The problem: The records that follow should be copied out exactly, pictures excluded.

Dataset entries:
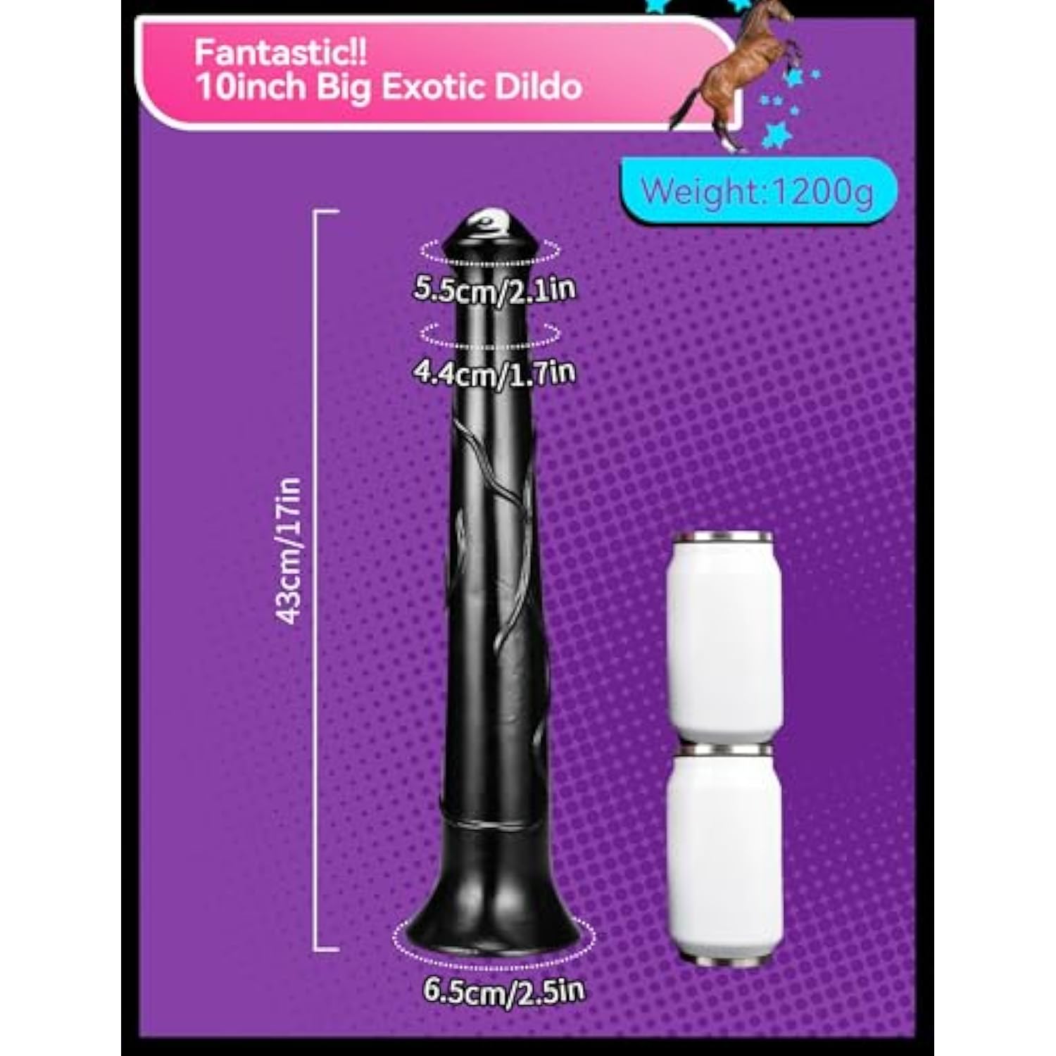 Super Long Horse Dildo 17Inch Huge Big Black Cock Thick Animal Dildo Giant Anal Plug Adult Sex Toys For Men And Couples (Black)
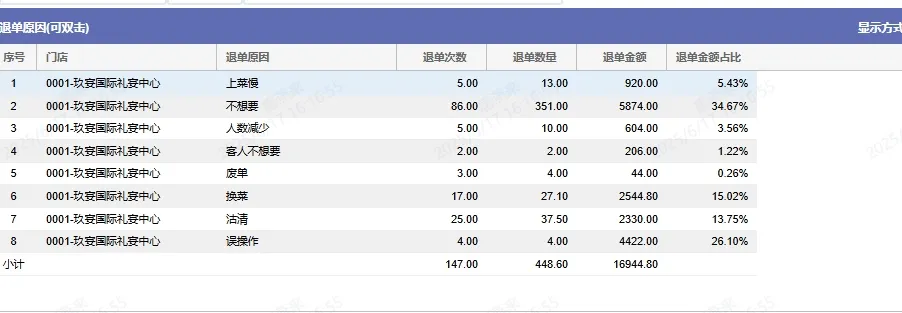 退菜原因數(shù)據(jù)化:分析前廳退菜原因,系統(tǒng)自動記錄退單次數(shù)、金額及具體原因(如上菜慢、菜品質量、客戶臨時變更等),幫助餐廳全面定位退菜根源,針對性改進流程。
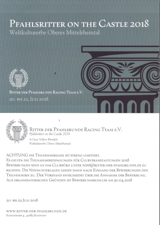 In diesem Jahr führt uns unsere Sommer- Rallye ans obere Mittelrheintal zu unserem Burgfräulein Ulli und Ritter Georg. Bitte denkt daran, frühzeitig eure Nennungen einzureichen. Es wird - wie immer- grandios.
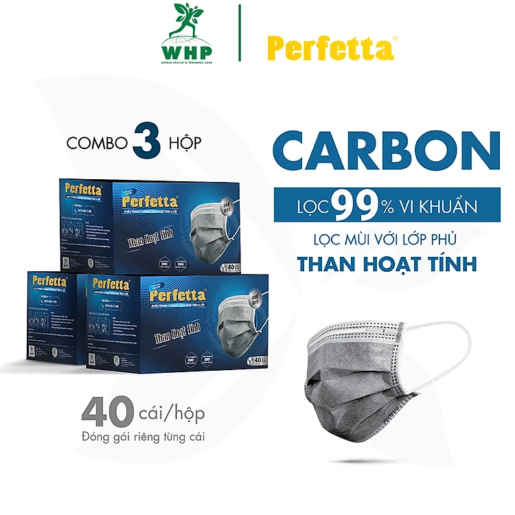 [Combo 3 HỘP - PERFETTA CARBON] - Khẩu Trang Carbon Hoạt Tính Chất Lượng Cao, Khử Mùi, Chống Bụi Mịn, Màu Xám Xanh, 4 Lớp, Bảo Vệ Tối Ưu, Đóng Gói Từng Cái - (40 cái/hộp)
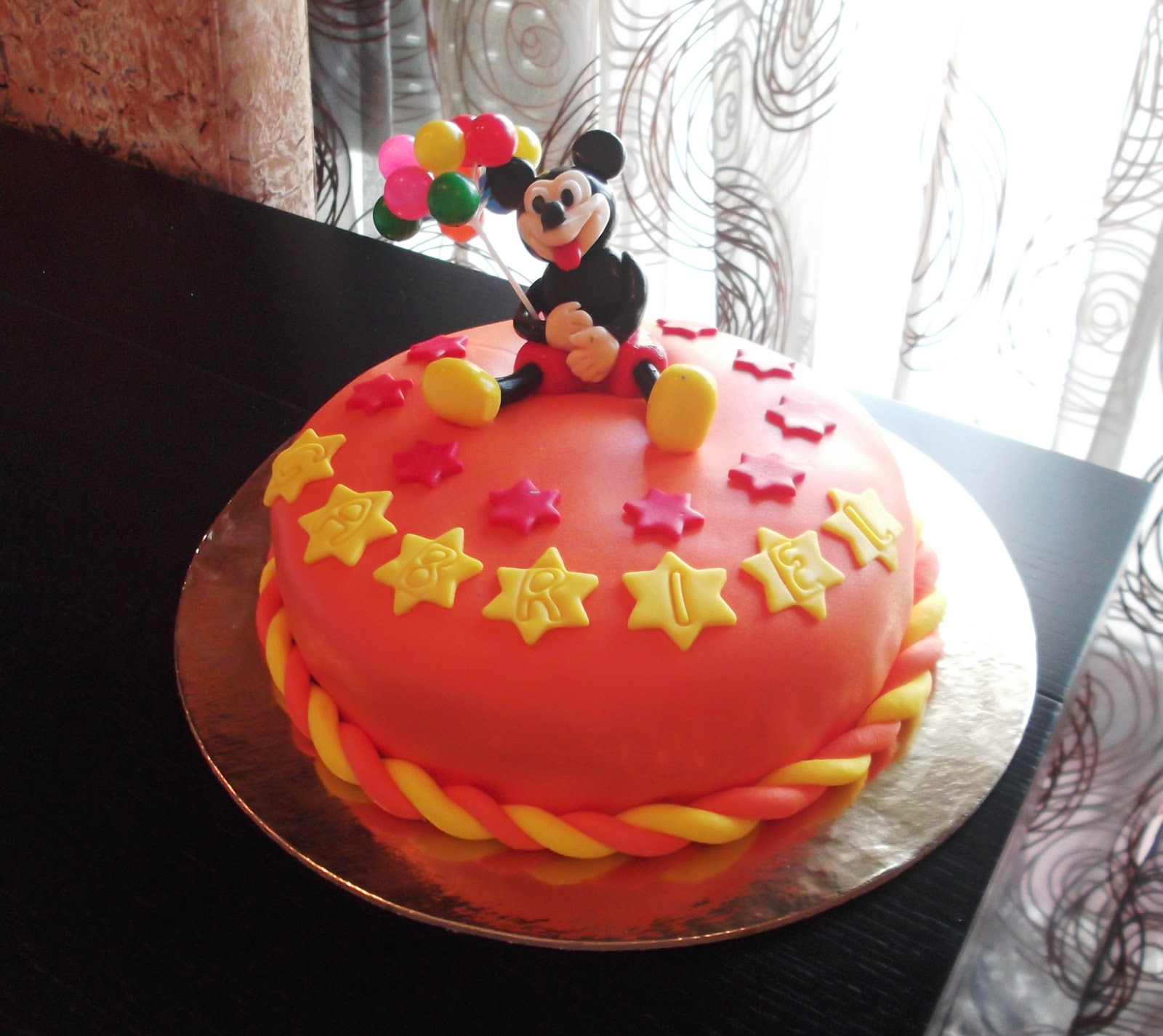 Este bolo foi para uma prima minha, o marido quis surpreende-la e pediu-me que fizesse um bolo bonito e diferente... Ora eu pus logo a minha cabeça a trabalhar e pensei?! Uma mulher gosta de flores e meti as mãos a obra e fiz muitas flores em pasta de açúcar, uma técnica demorada, mas que no final deixa um bolo lindo....

Task output:
 Super Long Horse Dildo 17Inch Huge Big Black Cock Thick Animal Dildo Giant Anal Plug Adult Sex Toys For Men And Couples (Black)
 退菜原因數(shù)據(jù)化:分析前廳退菜原因,系統(tǒng)自動記錄退單次數(shù)、金額及具體原因(如上菜慢、菜品質量、客戶臨時變更等),幫助餐廳全面定位退菜根源,針對性改進流程。
 In diesem Jahr führt uns unsere Sommer- Rallye ans obere Mittelrheintal zu unserem Burgfräulein Ulli und Ritter Georg. Bitte denkt daran, frühzeitig eure Nennungen einzureichen. Es wird - wie immer- grandios.
 [Combo 3 HỘP - PERFETTA CARBON] - Khẩu Trang Carbon Hoạt Tính Chất Lượng Cao, Khử Mùi, Chống Bụi Mịn, Màu Xám Xanh, 4 Lớp, Bảo Vệ Tối Ưu, Đóng Gói Từng Cái - (40 cái/hộp)
 Este bolo foi para uma prima minha, o marido quis surpreende-la e pediu-me que fizesse um bolo bonito e diferente... Ora eu pus logo a minha cabeça a trabalhar e pensei?! Uma mulher gosta de flores e meti as mãos a obra e fiz muitas flores em pasta de açúcar, uma técnica demorada, mas que no final deixa um bolo lindo....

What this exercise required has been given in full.